## Source records
+ + + +

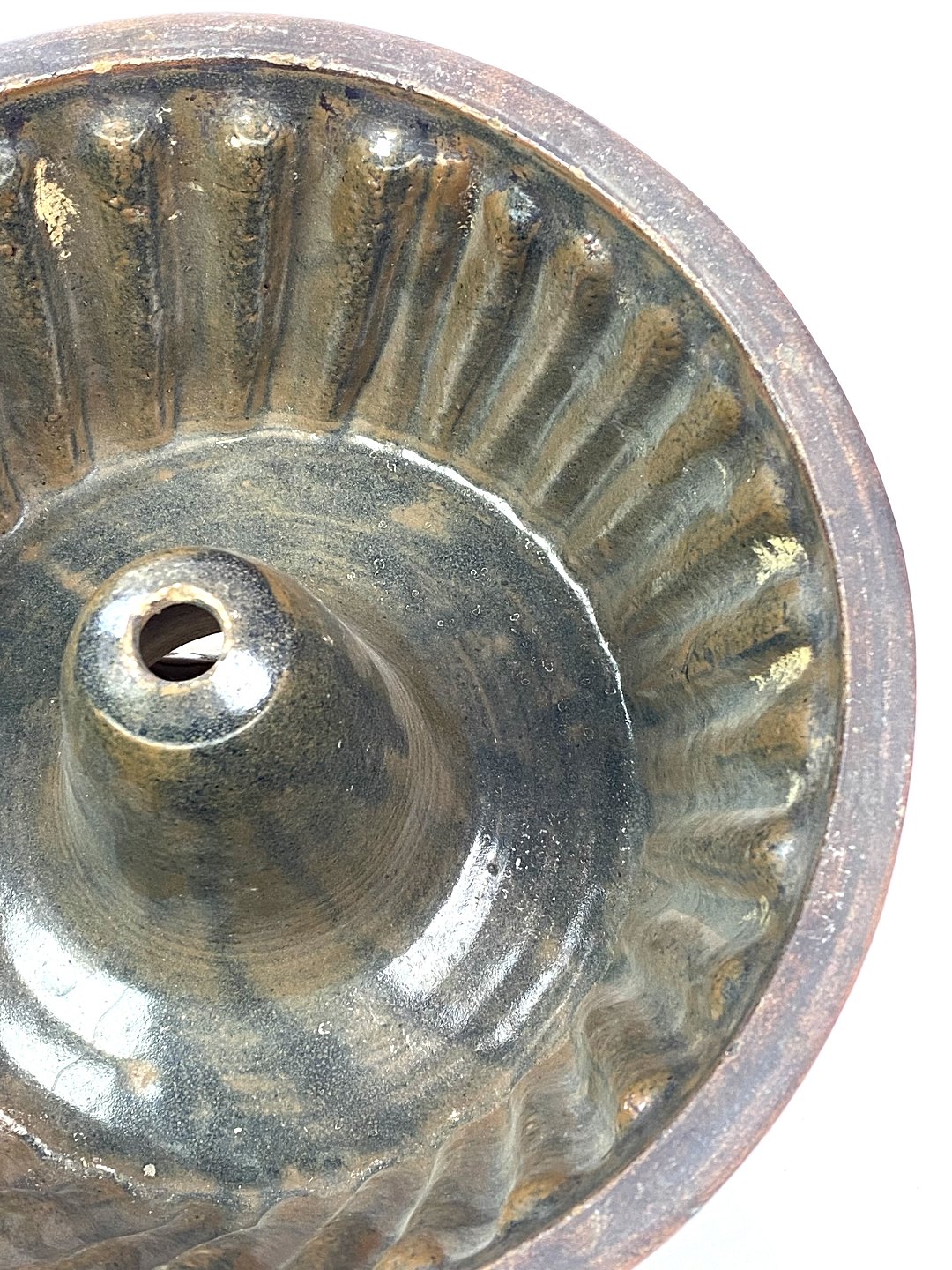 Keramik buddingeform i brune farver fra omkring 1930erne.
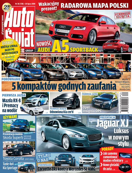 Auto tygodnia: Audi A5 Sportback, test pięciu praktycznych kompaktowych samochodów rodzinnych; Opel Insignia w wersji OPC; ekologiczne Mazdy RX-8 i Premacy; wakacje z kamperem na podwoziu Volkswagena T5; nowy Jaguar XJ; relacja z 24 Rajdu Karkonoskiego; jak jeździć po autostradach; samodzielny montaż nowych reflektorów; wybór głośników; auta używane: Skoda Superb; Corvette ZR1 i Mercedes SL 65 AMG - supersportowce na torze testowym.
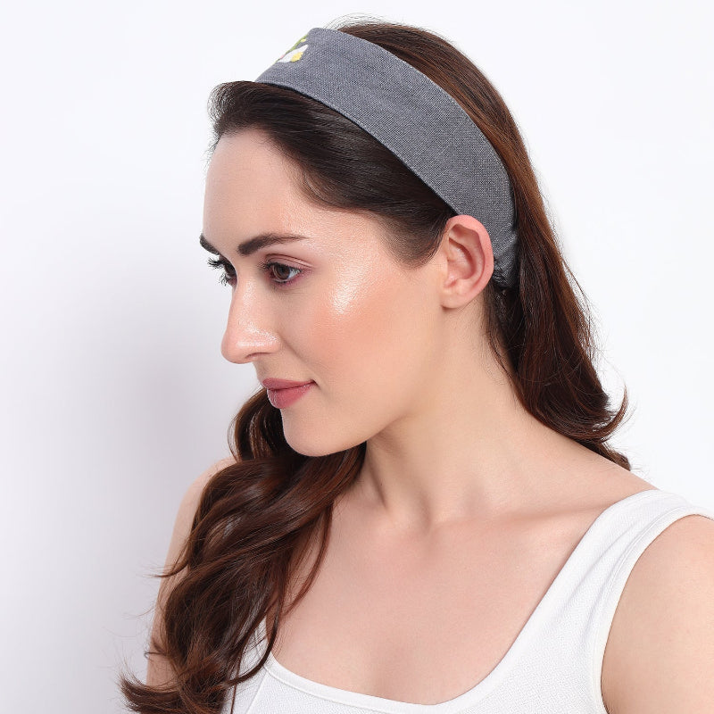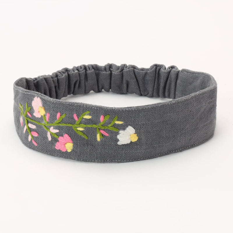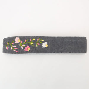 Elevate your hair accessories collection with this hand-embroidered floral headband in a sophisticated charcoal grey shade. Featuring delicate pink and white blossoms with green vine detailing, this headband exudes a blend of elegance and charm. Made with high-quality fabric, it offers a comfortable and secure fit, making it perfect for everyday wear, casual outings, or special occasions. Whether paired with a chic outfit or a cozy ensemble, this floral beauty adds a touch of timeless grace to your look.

+ + + +

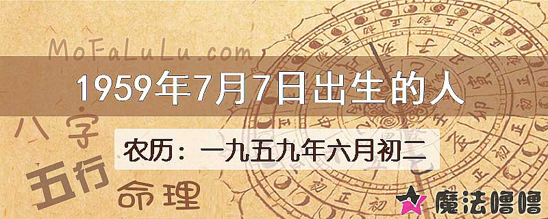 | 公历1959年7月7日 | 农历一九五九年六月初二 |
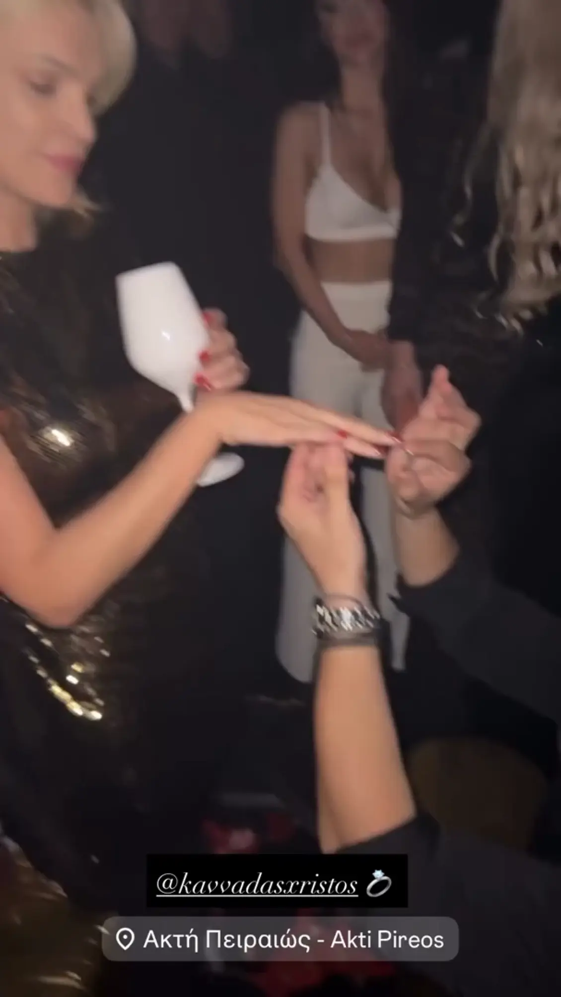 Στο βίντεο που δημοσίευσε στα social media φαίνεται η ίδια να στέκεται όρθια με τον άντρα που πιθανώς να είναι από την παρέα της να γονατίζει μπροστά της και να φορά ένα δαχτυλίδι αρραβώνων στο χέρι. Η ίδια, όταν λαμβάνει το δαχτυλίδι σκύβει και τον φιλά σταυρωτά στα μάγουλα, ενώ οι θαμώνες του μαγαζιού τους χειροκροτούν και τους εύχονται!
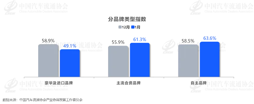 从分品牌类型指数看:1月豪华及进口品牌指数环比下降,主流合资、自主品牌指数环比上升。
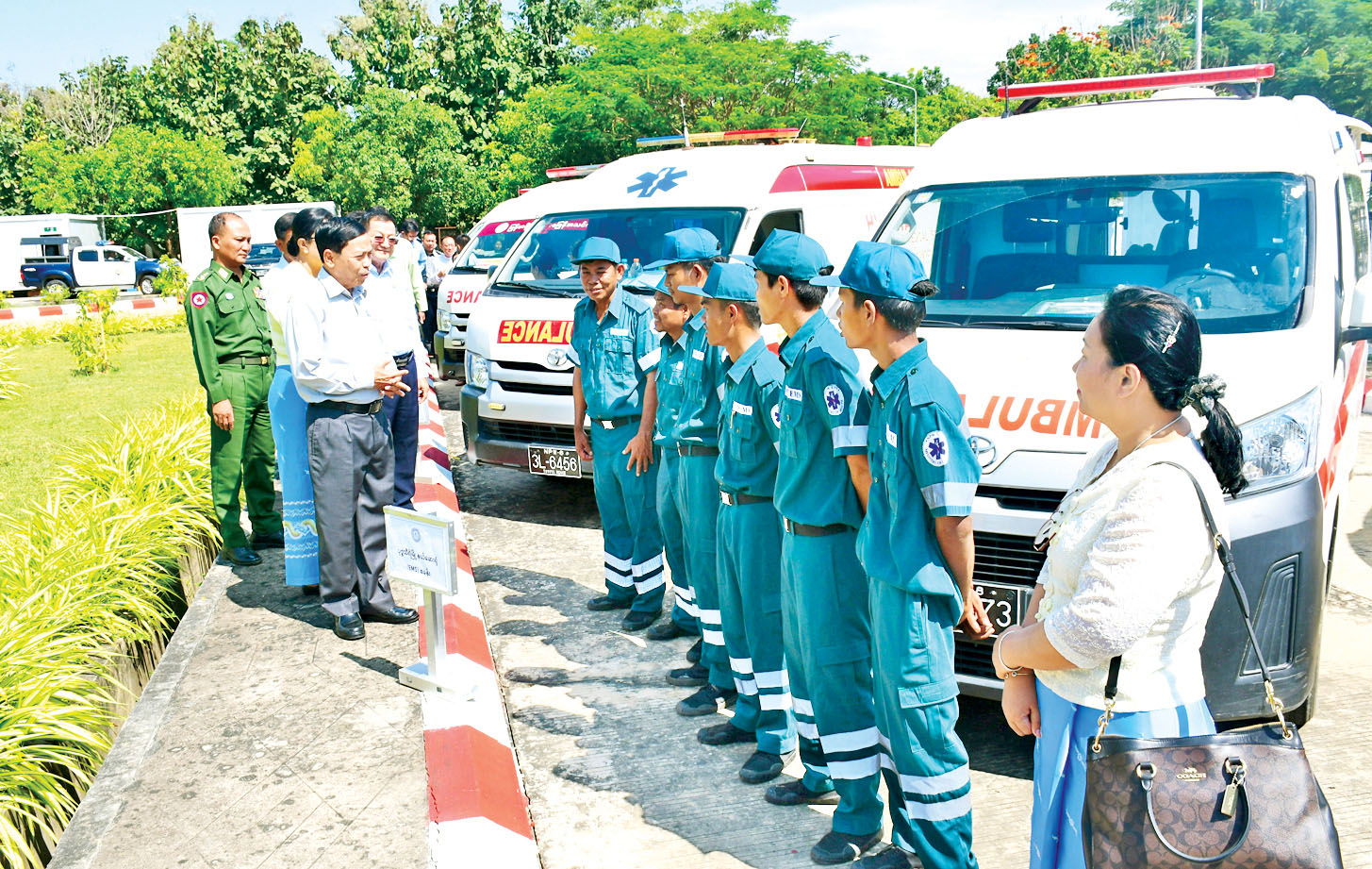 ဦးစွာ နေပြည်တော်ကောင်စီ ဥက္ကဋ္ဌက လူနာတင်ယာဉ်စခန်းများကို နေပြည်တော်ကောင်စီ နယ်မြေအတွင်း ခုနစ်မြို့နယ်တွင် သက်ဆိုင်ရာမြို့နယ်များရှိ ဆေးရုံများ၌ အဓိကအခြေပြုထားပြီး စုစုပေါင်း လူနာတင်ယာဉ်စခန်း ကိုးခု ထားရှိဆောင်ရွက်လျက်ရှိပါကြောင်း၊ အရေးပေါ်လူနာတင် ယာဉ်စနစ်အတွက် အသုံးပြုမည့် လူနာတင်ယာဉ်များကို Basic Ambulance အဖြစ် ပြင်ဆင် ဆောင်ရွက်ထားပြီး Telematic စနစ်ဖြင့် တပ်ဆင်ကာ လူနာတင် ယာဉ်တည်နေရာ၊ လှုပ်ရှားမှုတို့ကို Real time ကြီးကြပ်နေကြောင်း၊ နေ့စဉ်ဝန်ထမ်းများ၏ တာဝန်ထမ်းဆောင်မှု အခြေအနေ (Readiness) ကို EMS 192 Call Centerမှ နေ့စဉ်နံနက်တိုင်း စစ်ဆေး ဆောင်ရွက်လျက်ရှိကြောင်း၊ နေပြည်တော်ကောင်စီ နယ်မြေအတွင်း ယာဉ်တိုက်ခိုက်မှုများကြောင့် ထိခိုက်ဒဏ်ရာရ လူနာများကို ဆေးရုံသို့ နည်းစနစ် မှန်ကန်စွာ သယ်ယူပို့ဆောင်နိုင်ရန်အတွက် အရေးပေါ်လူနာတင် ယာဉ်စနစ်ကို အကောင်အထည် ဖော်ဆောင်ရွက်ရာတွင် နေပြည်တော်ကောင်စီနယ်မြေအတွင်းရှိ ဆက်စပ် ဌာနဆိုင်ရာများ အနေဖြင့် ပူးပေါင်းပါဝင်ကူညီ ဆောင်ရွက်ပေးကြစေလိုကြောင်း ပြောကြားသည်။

+ + + +

## What is needed
Find the line with "Keramik buddingeform i" in the data above, and from there retype each line exactly through the line with "Elevate your hair", skipping the pictures along the way.

## Result
 Keramik buddingeform i brune farver fra omkring 1930erne.
 Auto tygodnia: Audi A5 Sportback, test pięciu praktycznych kompaktowych samochodów rodzinnych; Opel Insignia w wersji OPC; ekologiczne Mazdy RX-8 i Premacy; wakacje z kamperem na podwoziu Volkswagena T5; nowy Jaguar XJ; relacja z 24 Rajdu Karkonoskiego; jak jeździć po autostradach; samodzielny montaż nowych reflektorów; wybór głośników; auta używane: Skoda Superb; Corvette ZR1 i Mercedes SL 65 AMG - supersportowce na torze testowym.
 Elevate your hair accessories collection with this hand-embroidered floral headband in a sophisticated charcoal grey shade. Featuring delicate pink and white blossoms with green vine detailing, this headband exudes a blend of elegance and charm. Made with high-quality fabric, it offers a comfortable and secure fit, making it perfect for everyday wear, casual outings, or special occasions. Whether paired with a chic outfit or a cozy ensemble, this floral beauty adds a touch of timeless grace to your look.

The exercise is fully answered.